The Play Store screenshots section is a great place to sell the main product’s value propositions:
Education is an important part of this project. Concepts like the types of bike racks are explained in more details with contextualized tooltips.
Building native apps, although they offer the best performance, are very cost-intensive. Using web technologies we found a way to have one single code base while offering a cross-platform and cross-device experience. An emerging technology called PWA caught our attention as a way to bridge the native app experience with the accessibility of the Web.
We use web technology because it’s the most democratic platform ever. We’ve been using modern tools and concepts like Progressive Web Apps to offer great experiences from low-end to high-end Mobile and Desktop devices while still being free of friction.
Since then dozens of people have passed by this project, contributing as they could. As part of a small group of contributors I was responsible for a little bit of everything. Most of the time however has been invested in the UX research and design and front-end development.
Using simple project management and communication tools such as Trello, GitHub and Slack proved to be essential to enable so many people to contribute asynchronously. Making this project Open Source was also a natural choice.
The user experience is focused on exploring the map. Colored pins show where the mapped bike racks are and how they’ve been rated by other users. Hovering on pins shows some basic info, while clicking on it opens a modal with the full detailed view of that place.
Since places have attributes and tags you can use filters to chose the kind of places you prefer. Are you looking only for well reviewed, public, u-racks that are covered from the sun and rain? No problem, here are the results.
Like our source code all the project data is also open. I built a Data Platform for users to easily browser, search and filter through data. Using our data for research or other applications is as easy as clicking the download button, which exports all our data in convenient file format such as CSV or XLS.
To monitor the product metrics I created a dashboard on Google Data Studio, which is automatically synced with our Google Analytics and shows the most important data about any given month activity on the platform.

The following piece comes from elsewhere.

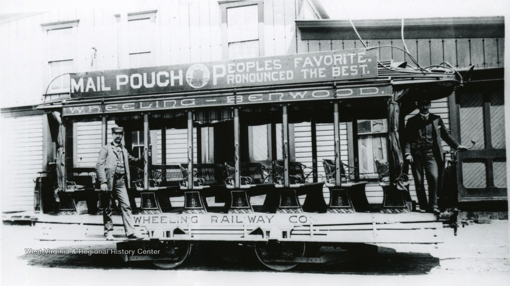 - Wheeling to Benwood Traction Car and conductors. Mail Pouch Advertisement on top of the car.

We made some effort to have a good social media presence as well, both on Facebook and Instagram. Digital Marketing was not the expertise of any of us in the team, so there was a steep learning curve.
We’re very happy that all the work had results! We’ve managed to burst the bubble and expand to all the country, and the engagement numbers are quite good for a project with zero marketing budget.
We also were featured in some cool places: cicloactivist and technology conferences, blogs, podcasts, newsletters and the local press.